Тогда же, в январе 1891 года, в письмах к Чехову Лика начинает многозначительно упоминать о Левитане как о своем поклоннике.
Познакомилась Мизинова с Левитаном примерно в то же время, что и с братьями Чеховыми. Она часто встречала его в салоне дилетантки-художницы Софьи Петровны Кувшинниковой. Софья Петровна считалась ученицей Левитана и с конца восьмидесятых годов выезжала с ним на летние этюды. Жена полицейского врача, она не отличалась красотой и молодостью, но была женщиной незаурядной, талантливой и яркой. Левитан долго был с ней неразлучен. Впрочем, это не мешало другим романтическим историям, которые возникали у Левитана нередко и протекали подчас весьма бурно. Успехом у женщин Левитан пользовался большим и хорошо знал это. В салоне у Кувшинниковой, где часто бывали и братья Чеховы, своим человеком стала и Лика. А потом началось увлечение.

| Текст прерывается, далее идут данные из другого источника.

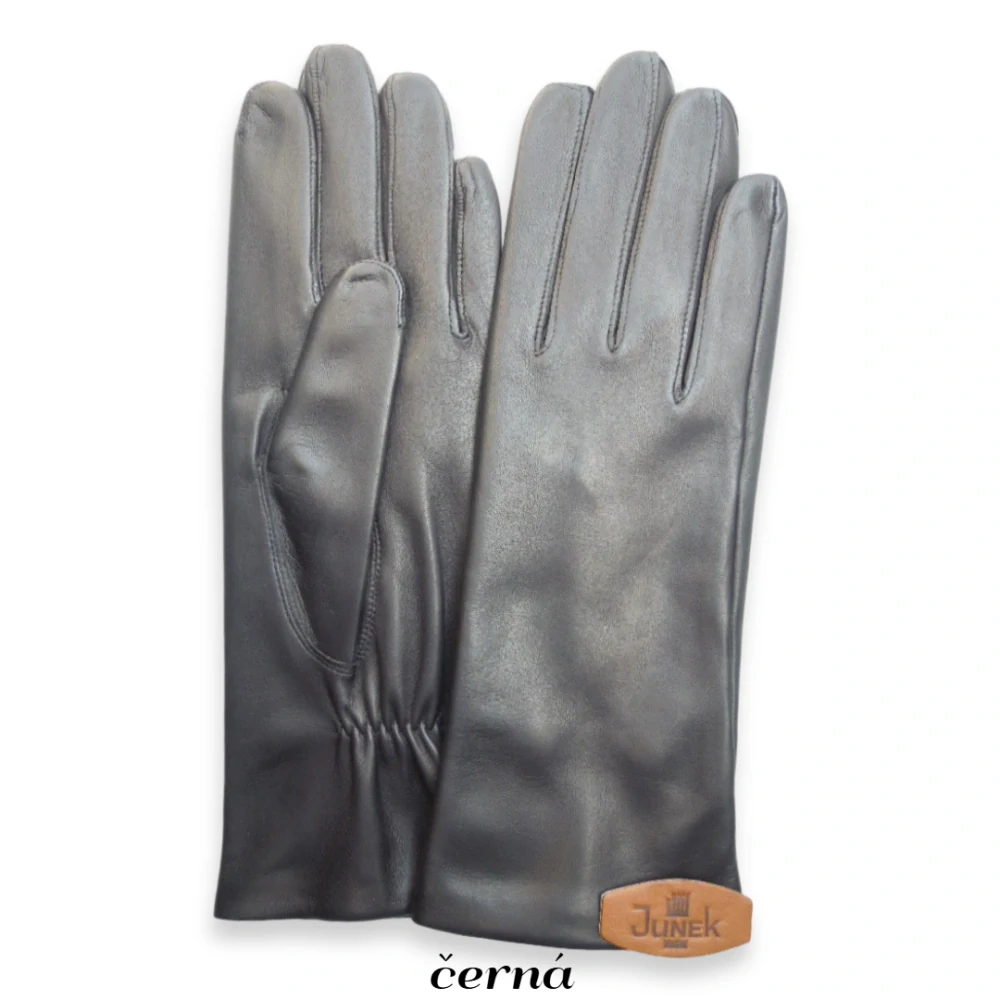 Dámské rukavice z jemné jehněčí kůže. Rukavice je hladká,prodkoužená (délka zápěstí 8 cm) a gumičku pod palcem pro lepší držení na ruce. Podšívka umělé hedvábí.

Лика откровенничает с Чеховым не без нарочитости, а подчас и явно интригует его. В письме от 13 января 1891 года, сообщая, что ее провожал домой от Чеховых Левитан, она пишет: «А знаете, если бы Левитан хоть немного походил на Вас, я бы позвала его поужинать». Леонид Гроссман объяснял всю эту историю желанием Лики побороть чеховскую холодность. «...Обычный маневр, — писал Гроссман, — возбуждение ревности». Признавая, что Левитан был для Лики настоящим героем, так как она «любила сочетание знаменитости и мужественной красоты», исследователь вместе с тем полагал, что никакого увлечения Левитаном не было, так как сердце ее уже принадлежало другому.
Пусть так, согласимся с версией Гроссмана. Приходится, однако, признать, что в таком случае Лика избрала наихудший вариант для достижения своей цели.
Чехов ответил Лике на ее письмо от 13 января не сразу, а лишь 21 числа. Он писал:
«Спешу порадовать Вас, достоуважаемая Лидия Стахиевна: я купил для Вас на 15 коп. такой бумаги и конвертов. Обещание мое исполнено. Думаю, что эта бумага вполне удовлетворит изысканным вкусам высшего света, к которому принадлежат Левитан, Федотов и кондуктора конно-железной дороги.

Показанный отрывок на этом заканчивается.